Extracted records
++++++++++++++++++++

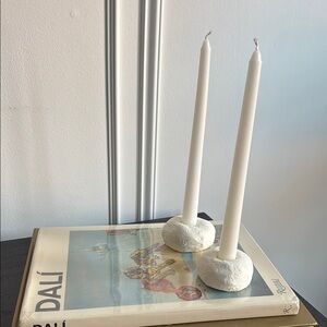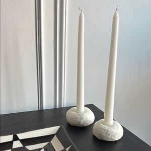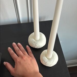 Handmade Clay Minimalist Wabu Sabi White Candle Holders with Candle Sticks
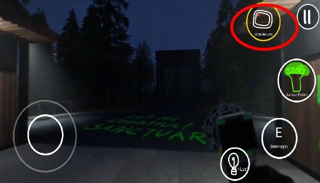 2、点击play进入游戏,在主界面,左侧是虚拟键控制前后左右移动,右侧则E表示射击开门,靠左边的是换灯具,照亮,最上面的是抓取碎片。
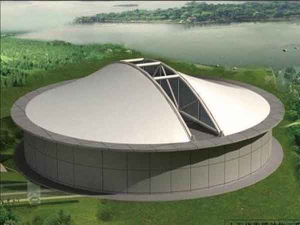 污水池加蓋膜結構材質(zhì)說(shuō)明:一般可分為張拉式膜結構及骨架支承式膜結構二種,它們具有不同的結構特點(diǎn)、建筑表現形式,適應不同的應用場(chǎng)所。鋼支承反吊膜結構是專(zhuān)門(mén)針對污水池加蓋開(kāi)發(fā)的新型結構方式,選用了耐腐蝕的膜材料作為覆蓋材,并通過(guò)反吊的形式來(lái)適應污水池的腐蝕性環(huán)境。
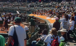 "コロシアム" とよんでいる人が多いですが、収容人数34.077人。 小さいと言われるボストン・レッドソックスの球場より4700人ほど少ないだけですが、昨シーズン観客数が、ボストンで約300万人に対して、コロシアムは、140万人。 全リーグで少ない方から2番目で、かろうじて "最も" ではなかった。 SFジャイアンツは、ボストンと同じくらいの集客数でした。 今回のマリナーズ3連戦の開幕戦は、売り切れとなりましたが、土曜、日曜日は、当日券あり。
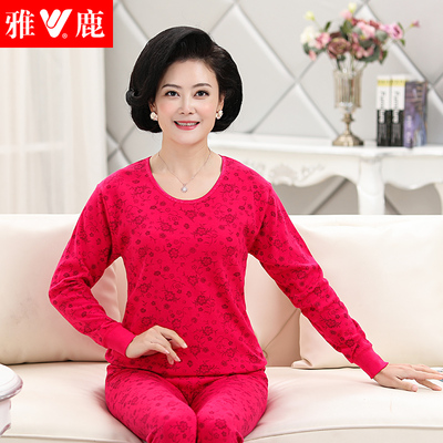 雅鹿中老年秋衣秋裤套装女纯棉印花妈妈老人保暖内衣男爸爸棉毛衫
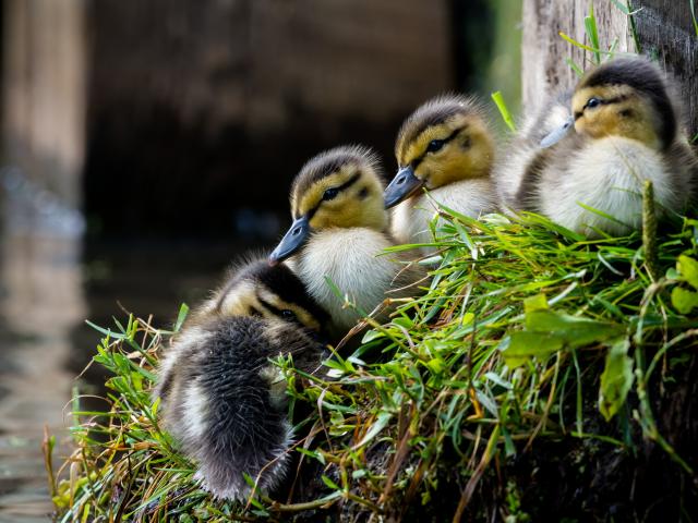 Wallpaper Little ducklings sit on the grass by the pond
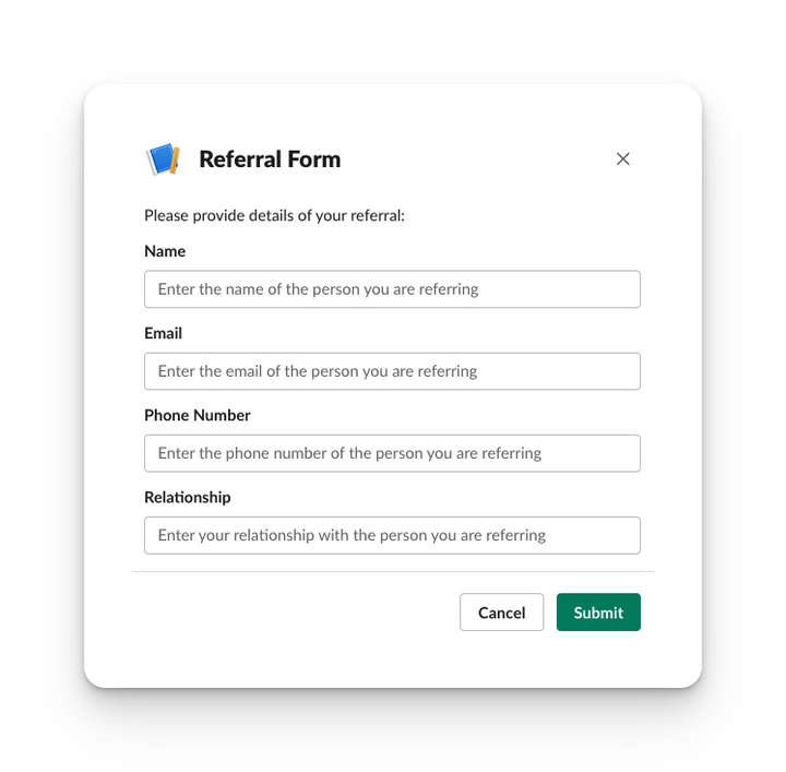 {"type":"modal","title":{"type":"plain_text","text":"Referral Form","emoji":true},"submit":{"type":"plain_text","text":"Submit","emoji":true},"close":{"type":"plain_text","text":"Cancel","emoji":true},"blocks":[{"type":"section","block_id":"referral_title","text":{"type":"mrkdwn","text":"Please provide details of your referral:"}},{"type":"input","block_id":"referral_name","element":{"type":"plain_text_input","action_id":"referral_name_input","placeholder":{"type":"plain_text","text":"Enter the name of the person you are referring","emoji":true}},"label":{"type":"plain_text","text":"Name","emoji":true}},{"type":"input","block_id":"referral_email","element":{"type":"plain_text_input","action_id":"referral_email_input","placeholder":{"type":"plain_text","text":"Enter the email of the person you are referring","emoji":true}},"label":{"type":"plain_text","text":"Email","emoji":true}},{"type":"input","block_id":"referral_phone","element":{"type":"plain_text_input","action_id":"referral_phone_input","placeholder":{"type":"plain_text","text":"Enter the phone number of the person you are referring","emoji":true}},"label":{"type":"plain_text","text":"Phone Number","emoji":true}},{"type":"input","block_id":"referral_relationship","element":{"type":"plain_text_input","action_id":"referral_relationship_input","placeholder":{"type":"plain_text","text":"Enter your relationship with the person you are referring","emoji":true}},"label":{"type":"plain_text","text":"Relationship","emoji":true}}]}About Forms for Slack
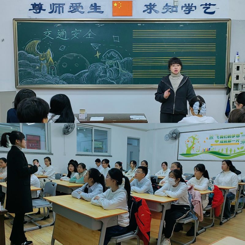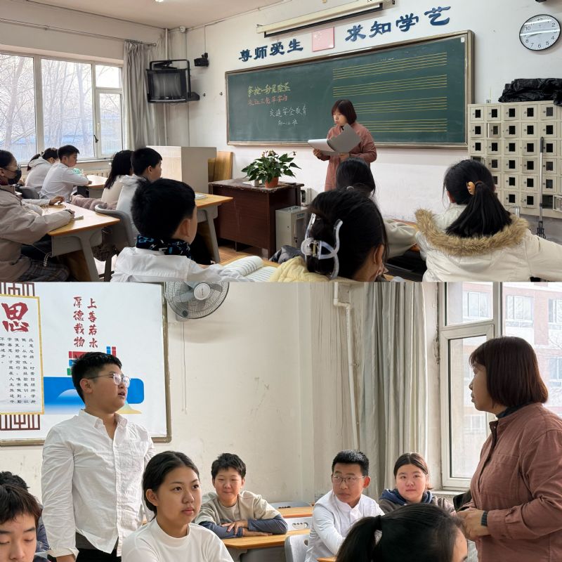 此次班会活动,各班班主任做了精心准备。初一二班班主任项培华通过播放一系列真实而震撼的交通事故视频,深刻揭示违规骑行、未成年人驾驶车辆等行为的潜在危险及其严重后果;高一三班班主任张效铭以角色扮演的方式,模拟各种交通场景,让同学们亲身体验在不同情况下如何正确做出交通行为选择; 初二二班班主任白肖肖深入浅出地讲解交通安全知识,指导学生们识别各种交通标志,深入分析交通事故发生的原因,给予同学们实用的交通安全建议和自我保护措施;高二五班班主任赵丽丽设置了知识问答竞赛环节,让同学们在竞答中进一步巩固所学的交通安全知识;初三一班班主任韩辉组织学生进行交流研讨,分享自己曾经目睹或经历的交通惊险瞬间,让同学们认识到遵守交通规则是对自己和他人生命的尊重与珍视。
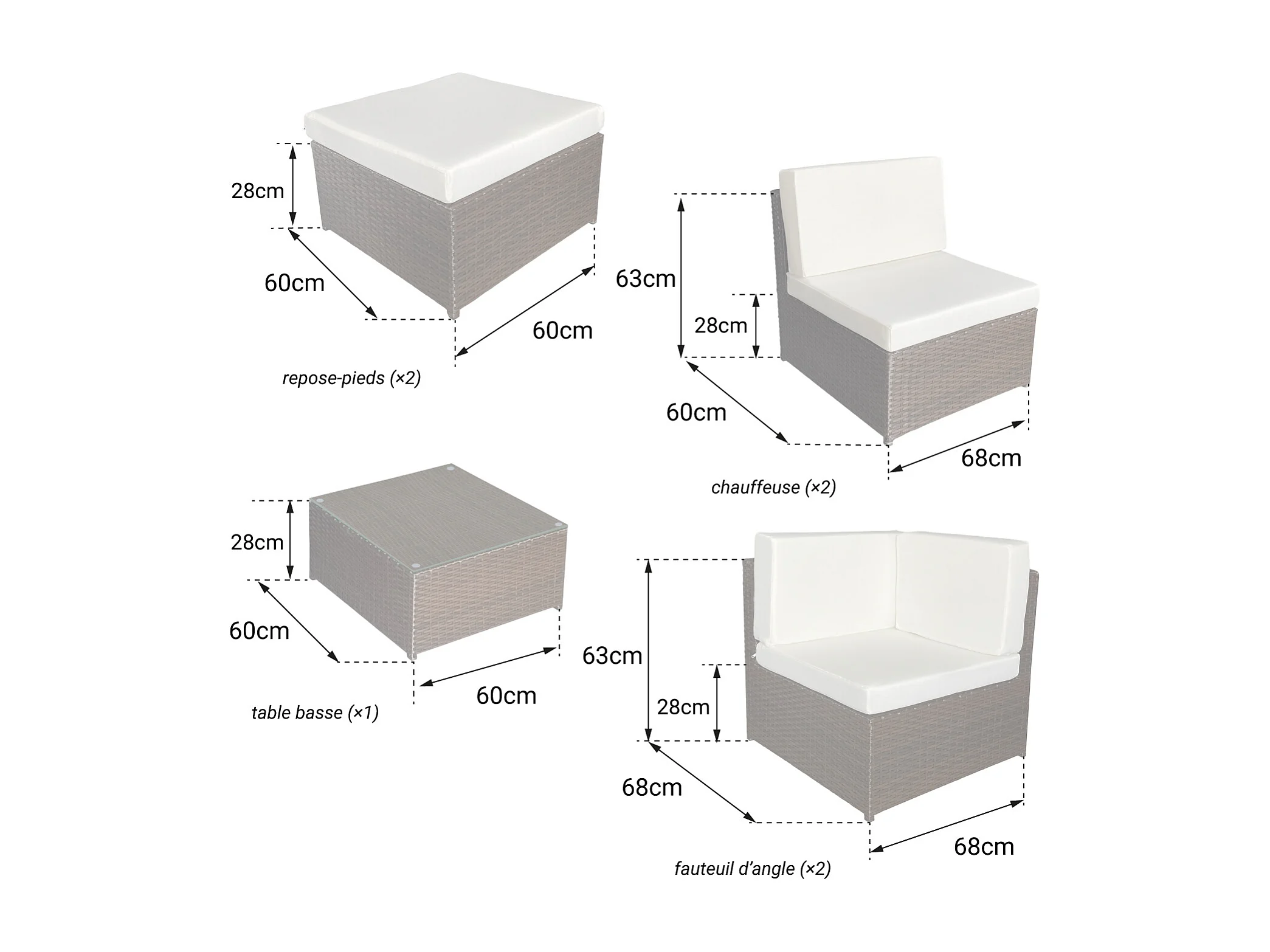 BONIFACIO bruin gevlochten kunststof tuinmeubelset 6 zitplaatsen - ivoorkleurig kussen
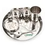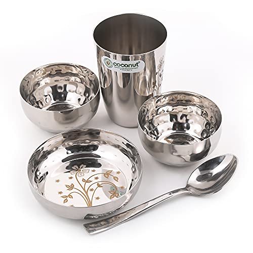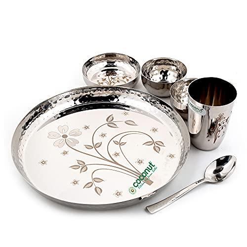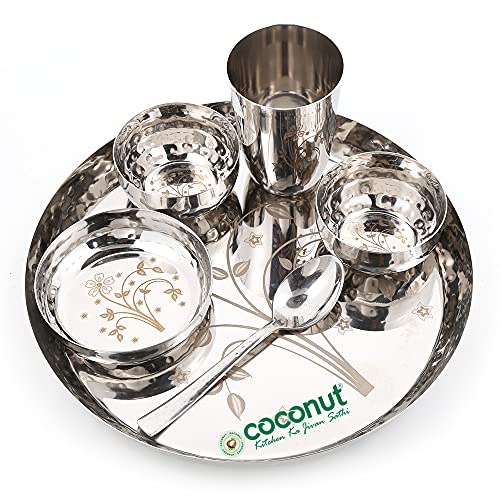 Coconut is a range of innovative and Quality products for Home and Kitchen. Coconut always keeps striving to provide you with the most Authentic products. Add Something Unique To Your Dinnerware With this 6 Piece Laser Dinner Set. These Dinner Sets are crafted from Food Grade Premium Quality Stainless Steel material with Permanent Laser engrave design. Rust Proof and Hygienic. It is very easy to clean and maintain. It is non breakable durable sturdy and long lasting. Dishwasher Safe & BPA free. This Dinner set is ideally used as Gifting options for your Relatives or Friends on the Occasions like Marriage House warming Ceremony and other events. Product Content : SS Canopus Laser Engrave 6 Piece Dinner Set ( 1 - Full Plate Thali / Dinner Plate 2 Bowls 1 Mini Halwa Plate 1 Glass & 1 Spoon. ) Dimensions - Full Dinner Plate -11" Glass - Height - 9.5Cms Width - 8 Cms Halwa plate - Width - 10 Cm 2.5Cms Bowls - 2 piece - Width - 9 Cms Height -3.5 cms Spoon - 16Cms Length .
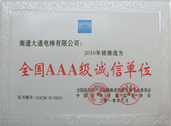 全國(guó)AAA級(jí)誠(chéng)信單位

++++++++++++++++++++

▶ [Requirement]
Whatever lies between the first line of the data and the line holding "Wallpaper Little ducklings", inclusive, should be repeated exactly, apart from the pictures.

▶ [Your response]
 Handmade Clay Minimalist Wabu Sabi White Candle Holders with Candle Sticks
 2、点击play进入游戏,在主界面,左侧是虚拟键控制前后左右移动,右侧则E表示射击开门,靠左边的是换灯具,照亮,最上面的是抓取碎片。
 污水池加蓋膜結構材質(zhì)說(shuō)明:一般可分為張拉式膜結構及骨架支承式膜結構二種,它們具有不同的結構特點(diǎn)、建筑表現形式,適應不同的應用場(chǎng)所。鋼支承反吊膜結構是專(zhuān)門(mén)針對污水池加蓋開(kāi)發(fā)的新型結構方式,選用了耐腐蝕的膜材料作為覆蓋材,并通過(guò)反吊的形式來(lái)適應污水池的腐蝕性環(huán)境。
 "コロシアム" とよんでいる人が多いですが、収容人数34.077人。 小さいと言われるボストン・レッドソックスの球場より4700人ほど少ないだけですが、昨シーズン観客数が、ボストンで約300万人に対して、コロシアムは、140万人。 全リーグで少ない方から2番目で、かろうじて "最も" ではなかった。 SFジャイアンツは、ボストンと同じくらいの集客数でした。 今回のマリナーズ3連戦の開幕戦は、売り切れとなりましたが、土曜、日曜日は、当日券あり。
 雅鹿中老年秋衣秋裤套装女纯棉印花妈妈老人保暖内衣男爸爸棉毛衫
 Wallpaper Little ducklings sit on the grass by the pond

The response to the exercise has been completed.